There are any number of threats to the assets of your kitchen and bath firm, which can include break-ins, fire, flooding, theft of tools and equipment from company vehicles and simple vandalism. But the most common losses most businesses incur are those associated with theft and embezzlement by their own employees. This month, we will look at ways to guard against such losses.
As our businesses grow, we hire people to help us conduct our administrative tasks – including the bookkeeping function. In fact, these tend to be among the first tasks delegated to others when a firm starts to grow.
It’s human nature to impute our own ethics and values to others. When interviewing potential employees, this can be a grave error. In this column, we will look at some of the ways to protect our businesses from the temptations and tendencies that may be present in those we hire. We will also look at hiring practices, procedures for handling assets and some things you can do to stay tuned to what is going on in your business.
When it comes time to add that first non-family staff member, there are a number of things that should be considered and implemented. First, it’s not uncommon to have waited a little longer than we should have, so there’s often an urgency to get someone in place. This can cause us to be less careful with our screening than we should be.
Second, as mentioned above, we all tend to think everyone is basically honest. Couple this with our own feeling that we are excellent judges of character, capable of correctly evaluating an individual after a brief interview, and we have a prescription for making a quick and potentially dangerous decision.

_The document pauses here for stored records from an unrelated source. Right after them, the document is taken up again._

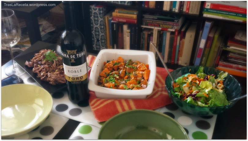 cerdo asado con batata y ensalada verde menú de celebración
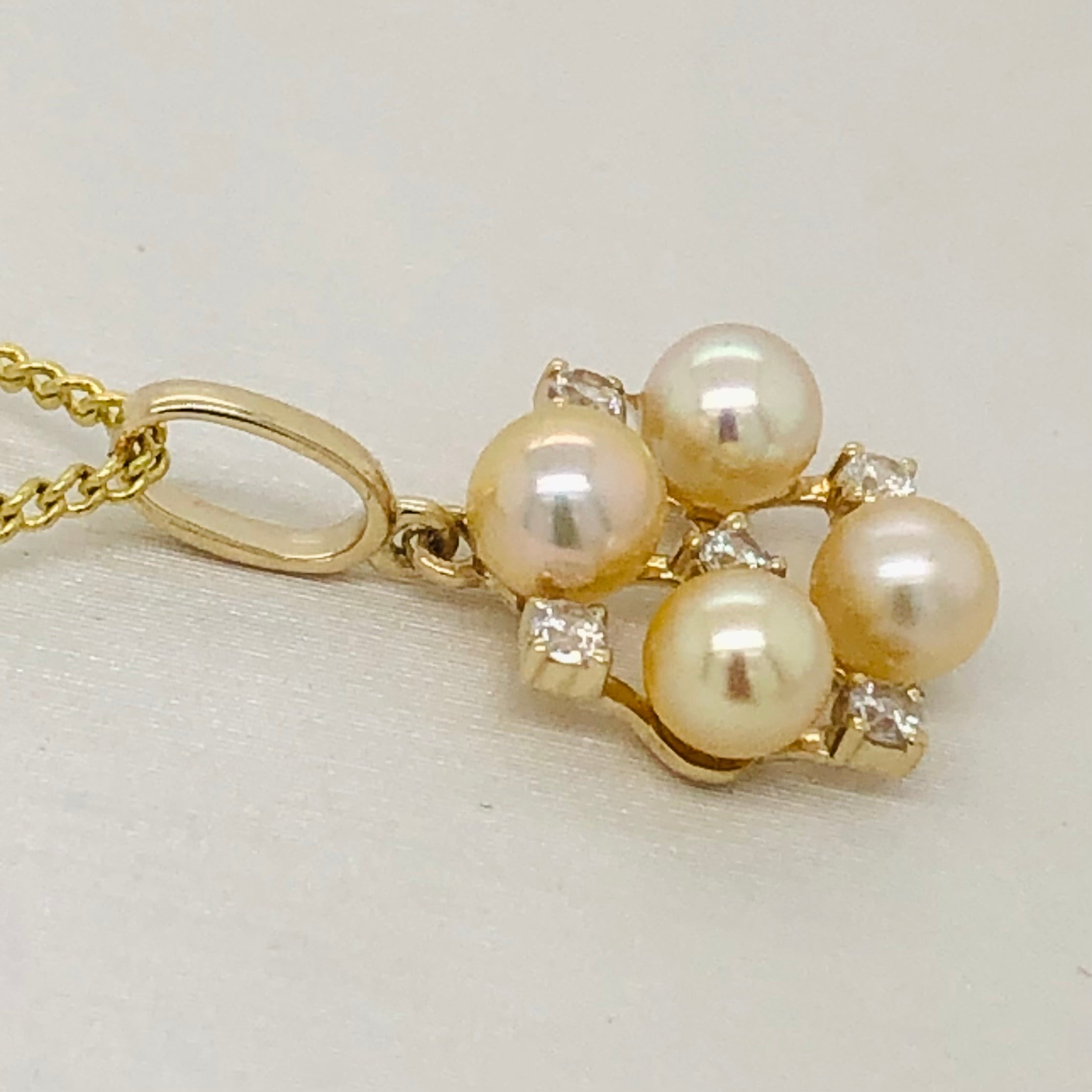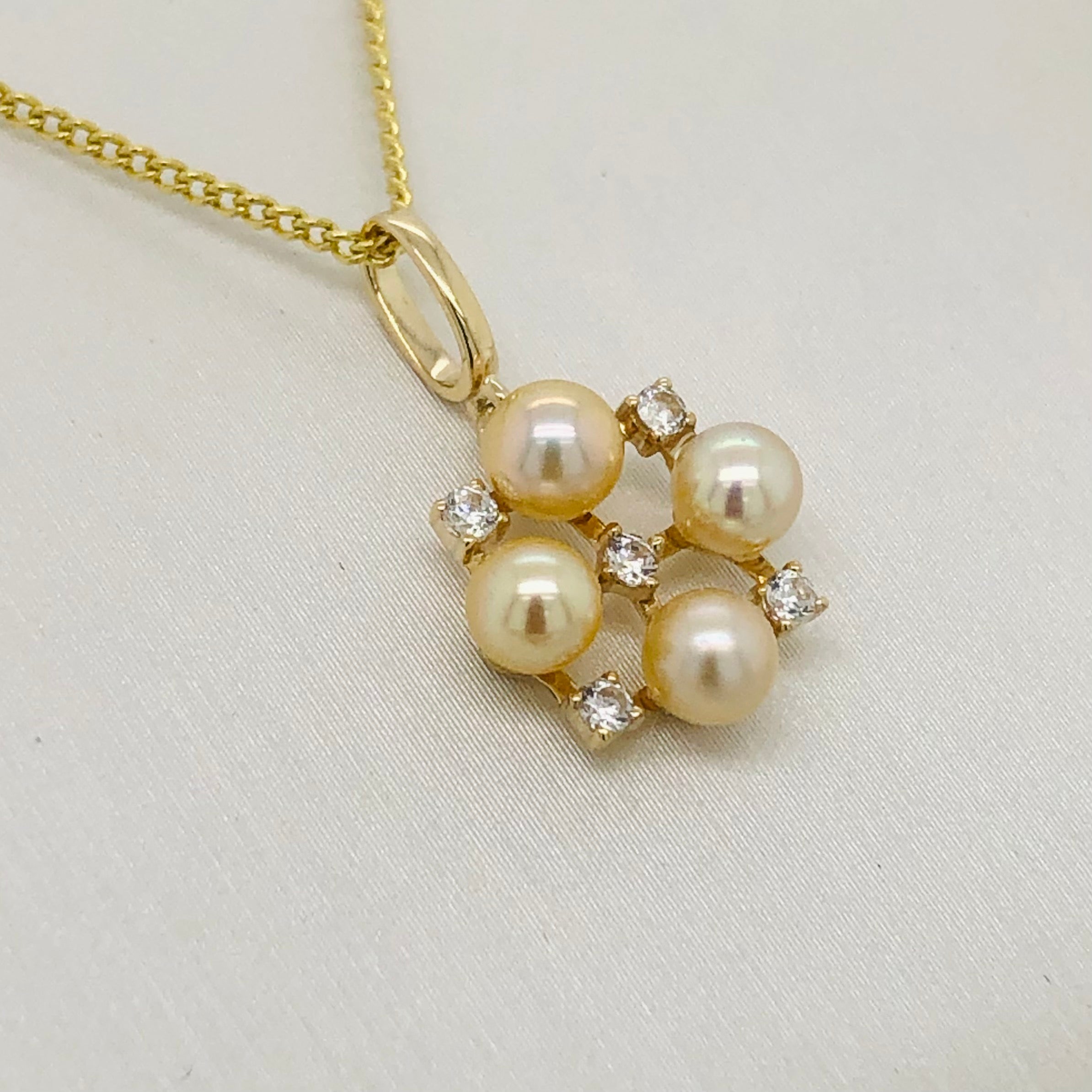 9ct Yellow Gold Diamond Pendant With Four 4.00-4.50mm Round PEPE Pearls
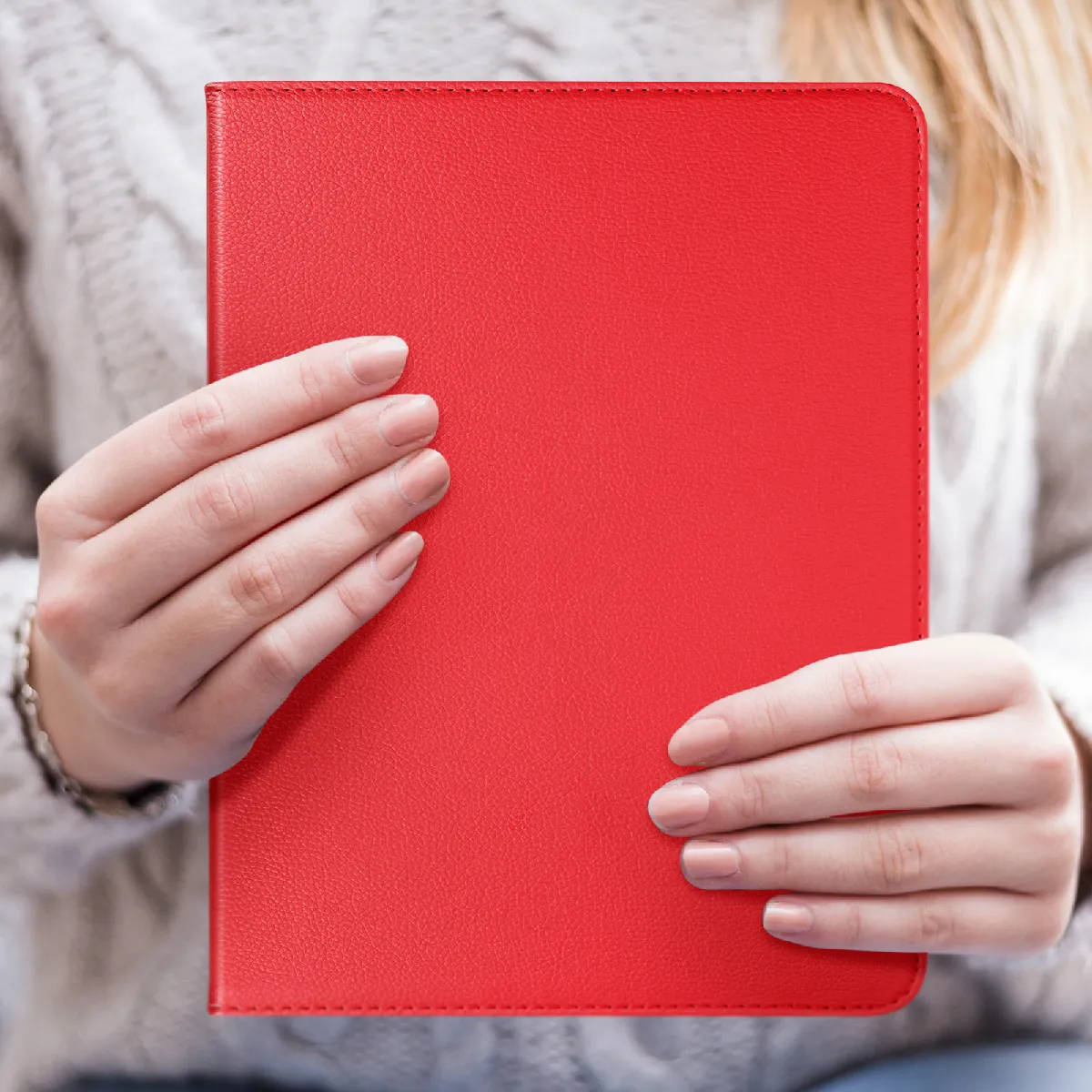 Housse clapet pour iPad Pro 13 2024. Protection intégrale avec coque rigide. Design élégant en simili cuir effet grainé. Système rotatif 360° pour une visualisation en mode portrait ou paysage. Fermeture à sangle élastique. Fonctions accessibles

With the addition of this very first employee, there should be a set of hiring procedures set up and followed. The following is a list of some of the things that should be included into this process:
A preprinted employment application should be completed by each potential employee. This form should be completed in your office at the time of the first interview in the applicant’s own handwriting. Even if the applicant has a very complete resume, your company’s application form should be filled out.
Have the applicant return for two or three follow-up interviews with both yourself and some of your other staff members, preferably including one with whom the new employee will work directly.
Ask the tough questions, even though the wrong answer will be obvious and a less than truthful answer can be expected, regardless of the facts. Include such questions as: “Have you ever had any trouble with the law?” and “Is there anything we should know about you that we haven’t asked?”
Check references carefully, including personal references and former employers. You will find many former employers are reluctant to discuss any problems that they may have had with an employee for fear of legal repercussions. Here, a telling question is: “Would you rehire this person?”
Particularly if the potential employee will be handling cash or bank accounts, you should look carefully at the person’s financial situation, i.e. bankruptcies, etc. Otherwise honest people can be sorely tempted when their own financial circumstances are stressed.
Finally, there are services that will perform background checks on individuals; utilizing these should be considered.
POLICIES & PROCEDURES
Your company is probably the most vulnerable to employee theft and fraud when you have only one, or few, employees and it is necessary for them to handle several areas of responsibility. Once there are several employees, you’re in a position to institute more of what are known as internal control procedures. To start with, divide responsibilities. Don’t let a single individual control both sides of transactions with the company. For instance, the person who reconciles the bank account should not be the same one that prepares and signs checks. As long as it’s practical, you, the owner, should be the primary check signer with a backup signer for emergencies.